Monday was the 40th anniversary of the internet. And the text above is from an Op-Ed in that day’s NYT, written by the author of R.F.C.1, the very first permanent record of its development. It was indeed an exercise in openness, paradoxically enough. I was there for some of it, along the edges, working as a civilian for the Canadian Navy. We depended critically, for example, on Graphic User Interface (GUI) software developed on Multics by Ford researchers who gave it to us for free, and they (and the rest of the community) received PL/I code improvements that we returned to the collective. The net result was extended into Unix and C, among many other benefits without which today’s world would be hard to envision.

Monday also marked the start of another discussion,[2] this one an effort to enrich the business model of America’s newspaper industry by better protecting their intellectual property rights.

Taking aim at the way news is spread across the Internet, The Associated Press said on Monday that Web sites that used the work of news organizations must obtain permission and share revenue with them, and that it would take legal action against those that did not.

It has probably not escaped the notice of Doomers that what I have just done is a clear example of what AP is credibly threatening to suppress.  Indeed our customary way of following stories like this would seem to put us on a collision course with them.  How can we balance intellectual property rights, my right to free speech and the public’s right to benefit from the efforts of us both?

AP was hardly going to target a site like Housing Doom, they would have just looked silly. So their #1 target was Google.  The search engine giant is the news aggregator par excellence and, let’s face it, the principal enabling tool in my years-long study of US mortgage finance.  Just about every researching blogger depends critically on the search sector every day.  However, Google itself is obviously trying to do the right thing by content providers, as their CEO Eric E. Schmidt was at pains to point out [3] in his keynote speech to a newspaper publisher’s conference yesterday.  Indeed, the timing of AP’s attack the day before could hardly have been a coincidence.

Any open controversy reverberated little more than a soggy newspaper hitting a doorstep. Mr. Schmidt’s speech closing the annual meeting of the Newspaper Association of America here was a lengthy discourse on the importance of newspapers and the challenges and opportunities brought about by technologies like mobile phones.

His speech was followed by polite questions from industry executives that only briefly touched upon a perennially sore point: whether the use of headlines and snippets of newspaper stories on Google News is “fair use” under copyright law or a misappropriation of newspaper content.

So on the third day of this controversy, the biggest players seem to be settling into a long delicate struggle over great piles of money.  But “when elephants fight, the grass gets trampled.”  Bloggers like us are caught in the middle, left to comment, analyze, and occasionally express outrage.[4]

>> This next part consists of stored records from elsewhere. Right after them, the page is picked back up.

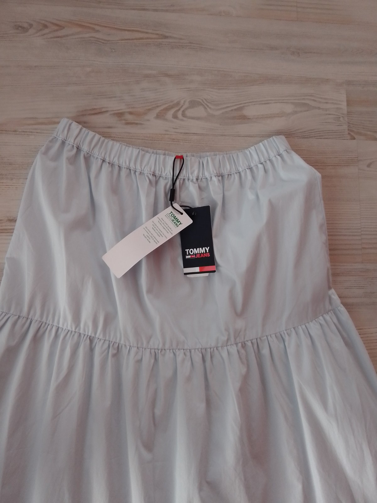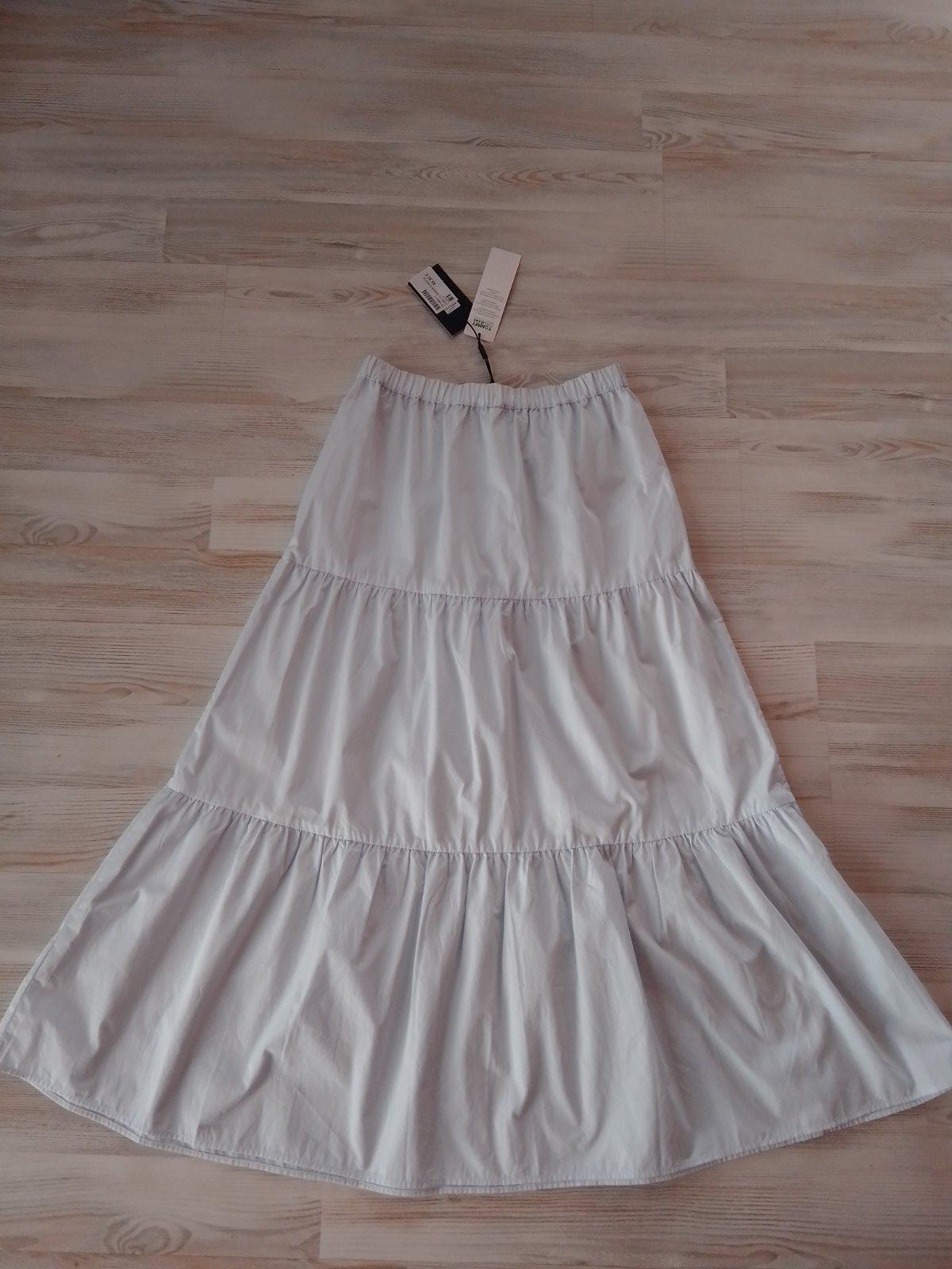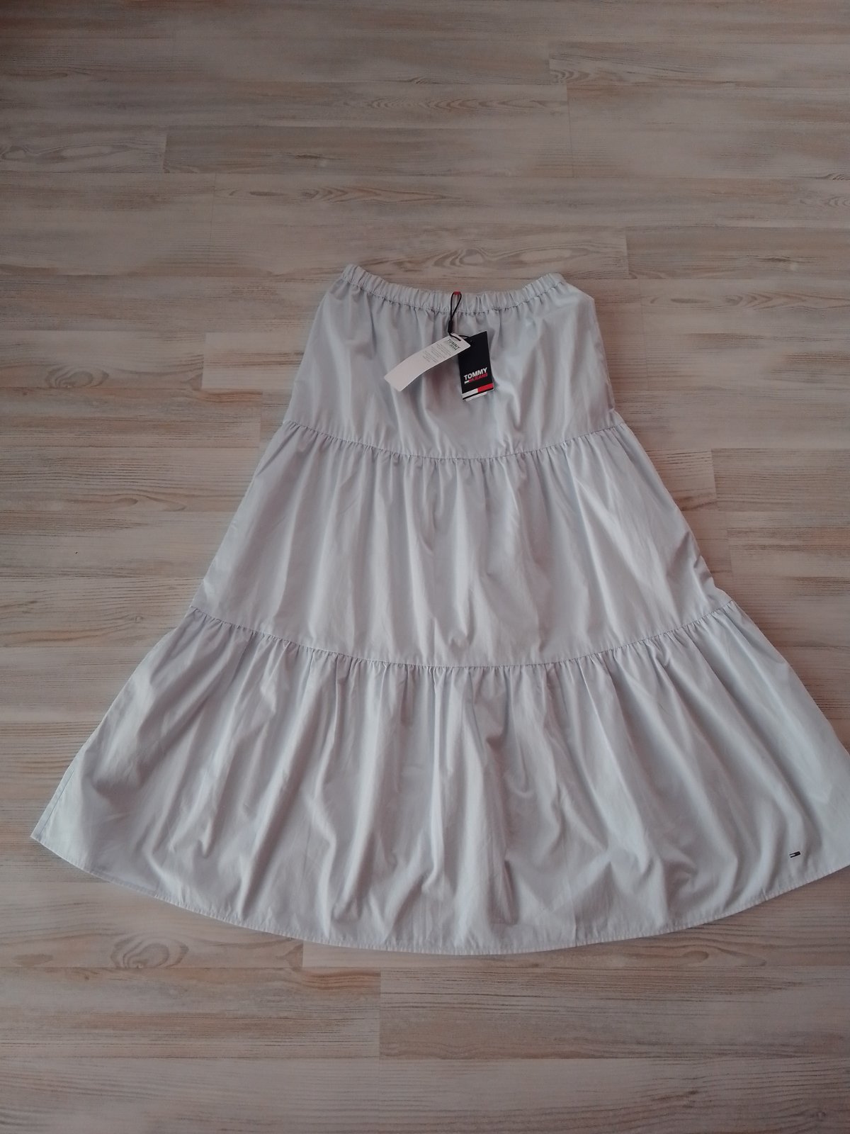 Padavy, ľahký materiál. V páse gumky. Dá sa nosiť ako sukňa, ale aj ako šaty (tie gumičky cez prsia).
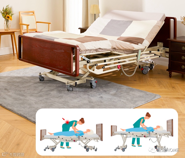 就拿世道这款豪华五功能的L系列护理床来说吧,它具有背部升降、腿部升降、整床升降、前倾和后倾五项功能。那这些功能分别能起到什么作用呢?
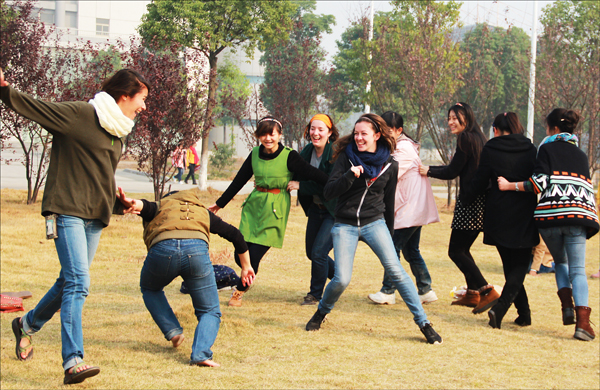为了配合美国交流生完成他们的旅行学习,11月11日文学院选派了15名对外汉语专业的学生,对交流生们每天进行两个小时的 “一对一”辅导。教学的内容和方式,均由外汉专业的学生自己设计。“我是采取ppt展示的方式,向他介绍一些关于中国节日和中国传统习俗的小常识,一些生动有趣的图片更能增加他对上课内容的理解。”汉语国际教育专业13(2)班的刘滢说。而来自大三的王新慧则是选择立足于美国交流生的汉语教材,教他们一些打招呼、问路等比较实用的日常交流用语。“一对一”辅导之后,交流生们被分到不同班级,与永利官网学生进行一小时的课堂交流学习。
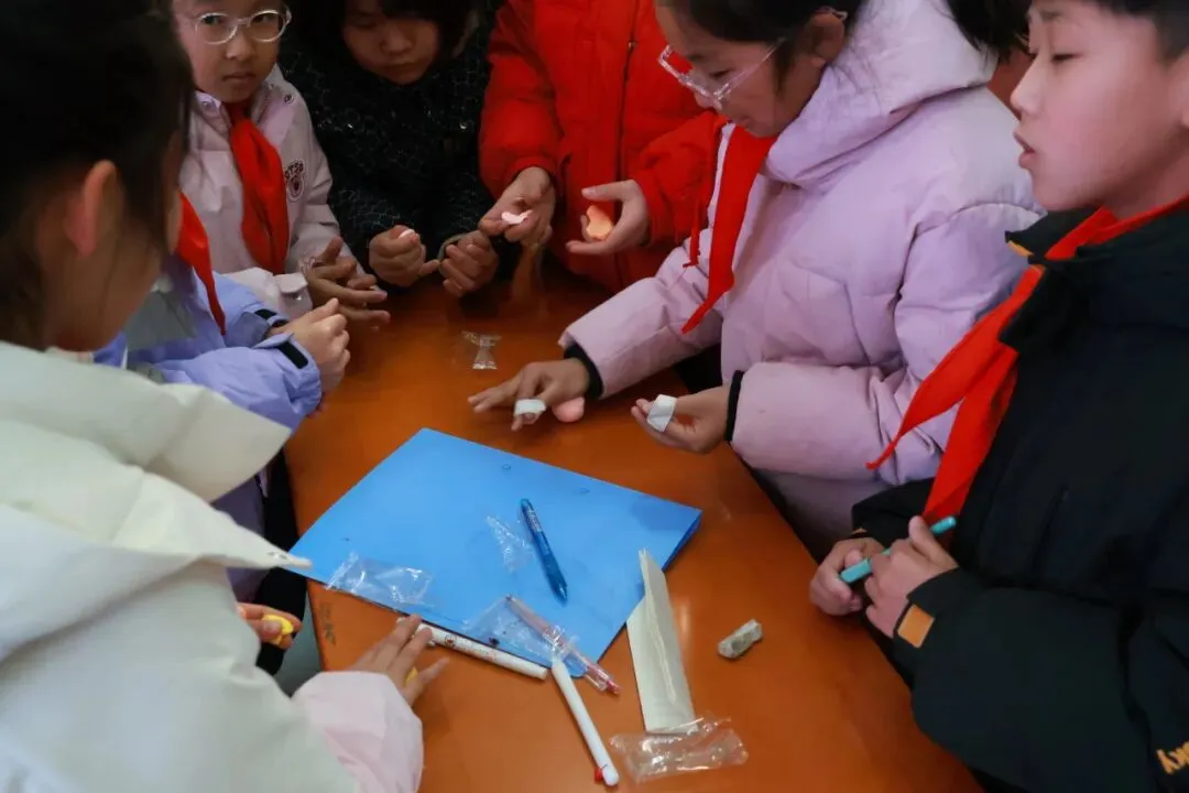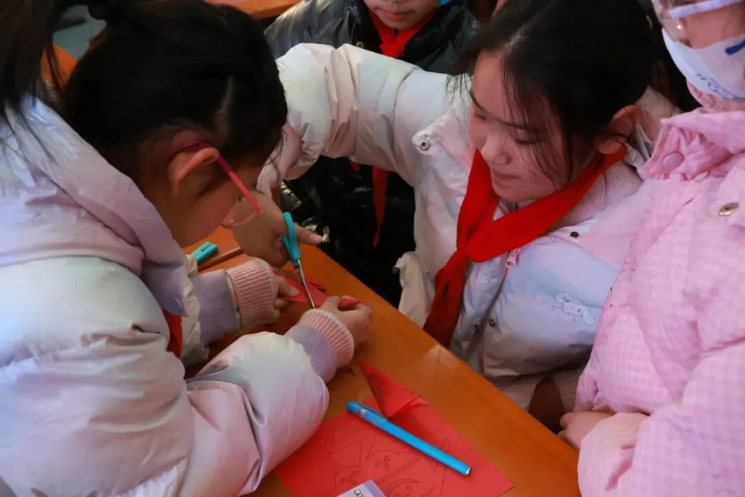 接下来的实践环节中,孩子们分组协作,借助超轻黏土和剪纸等材料,依次体验了“蒙眼捏小鸭”“缠手捏小鸟”和“单手剪窗花”三项非遗手工项目。每个小组长模拟残障匠人的身份,在其他组员有限协助下独立完成一件手工作品,并参与评选,每项活动均选出最精美的手工作品。通过这样的沉浸式体验,孩子们真切感受到残障群体在创作过程中面对的种种困难,心中也油然生发出对残障艺术家的敬意。

After failing to understand how to squeeze money through the Internet’s series of tubes, Associated Press Chairman “Willie Dean” Singleton is now shaking his fist at anyone that dares to mention one of its articles. Here’s why the venerable news organization’s approach will only make it more vulnerable to online news.

Traditional news organizations relished the days when it had one-way flow of information into people’s homes. They didn’t have to worry about just anyone discussing their ideas or challenging them in public.

The Internet has opened up millions of outlets where individuals can share their view at a very low cost of entry. It turns out that people have truly insightful views on the world around them and want to learn and share the latest news.

A lot of electrons [5] [6] [7] … (many more) … have already been shed on this issue since AP raised the temperature earlier this week.  And I’ve got some pretty serious sympathy for creator’s rights.  After all, my kid brother authored a key manifesto in this area of intellectual property over 20 years ago.  That’s one reason I was especially interested in this post [8] that pointed out that AP itself is an aggregator of sorts.

I’m not going to sweat AP’s search for rules of engagement for one simple reason (Techmeme, AP statement): I link to the real source material, which more often than not is a press release. On any given day you can easily bypass AP. And if the AP wants to find a better subscriber business model it needs to adhere to two words: Add value. Is AP trying to protect its “industry’s content” or PR Newswire’s?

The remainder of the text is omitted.